Liu Tran resta au milieu de la salle qui se vidait. Zofia l'entraîna par le bras vers une des issues, mais il résista, avisant Mathilde, pétrifiée à quelques mètres d'eux. Elle n'avait pas bougé.

– Je sortirai le dernier, dit Liu au moment même où un aide-cuisinier courait hors de la cuisine en hurlant.

Une explosion d'une violence inouïe souffla les lieux. Le lustre monumental fut disloqué par l'onde de choc qui ravagea la salle; il tomba lourdement sur le sol. Le mobilier semblait comme aspiré au travers de la grande baie dont les vitres pulvérisées s'éparpillaient sur la chaussée en contrebas. Des milliers de petits cristaux rouges, verts et bleus pleuvaient sur les décombres. L'âcre fumée grise qui envahissait la salle à manger s'éleva en épaisses volutes par la façade béante. Au grondement qui suivit le cataclysme succéda un silence étouffant. Garé en contrebas, Lucas referma la vitre de la nouvelle voiture qu'il avait volée une heure plus tôt. Il avait une sainte horreur de la poussière et plus encore que les choses ne se passent pas comme il les avait prévues.

Zofia repoussa le buffet massif qui s'était couché sur elle. Elle se frotta les genoux et enjamba une desserte retournée. Elle observa le désordre qui s'étendait autour d'elle. Sous le squelette du grand luminaire, dégarni de tous ses apparats, gisait le restaurateur, la respiration saccadée et difficile.
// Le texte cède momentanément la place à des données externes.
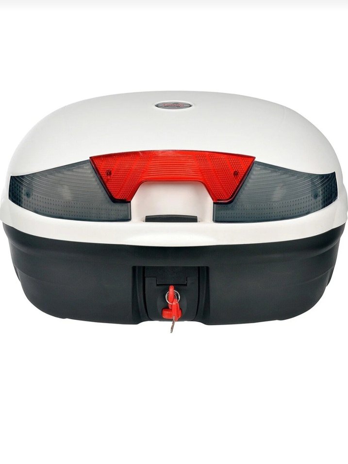 Bu beyaz minimalist motosiklet bagajı, tokalı tasarımı ve plastikten yapılmış düz yüzeyiyle temel koruma sağlar. Hafif renkte ve güvenli bağlama özelliğine sahiptir. 46 lt

Zofia se précipita vers lui. Liu grimaçait, terrassé par la douleur. Le sang affluait dans ses poumons, comprimant un peu plus son cœur à chaque inspiration. Au loin, les sirènes des pompiers se faisaient écho dans les rues de la ville.

Zofia supplia Liu de tenir bon.

– Vous êtes inestimable, soupira le vieux Chinois.

Elle prit sa main; Liu saisit la sienne et la posa sur son torse qui sifflait comme un pneu percé. Même mal en point, ses yeux savaient lire la vérité. Il trouva quelques forces ultimes pour murmurer que, grâce à Zofia, il n'était pas inquiet. Il savait que, dans son grand sommeil éternel, il ne ronflerait pas. Il ricana, provoquant une quinte de toux.

– Quelle chance pour mes futurs voisins! Ils vous doivent beaucoup!

Un reflux de sang émergea de sa bouche, s'écoulant sur sa joue pour venir se fondre au rouge du tapis. Le sourire de Liu se raidit.

– Je pense qu'il faut vous occuper de votre amie, je ne l'ai pas vue sortir.

Zofia regarda tout autour d'elle mais ne vit aucune trace de Mathilde ni d'aucun autre corps.

– Près de la porte, sous le vaisselier, supplia Liu en toussant une nouvelle fois.

Zofia se releva. Liu la retint par le poignet et plongea ses yeux dans les siens.

– Comment avez-vous su?

Zofia contempla l'homme, les derniers rayons de vie s'échappaient de ses prunelles dorées.

– Vous le comprendrez dans quelques instants.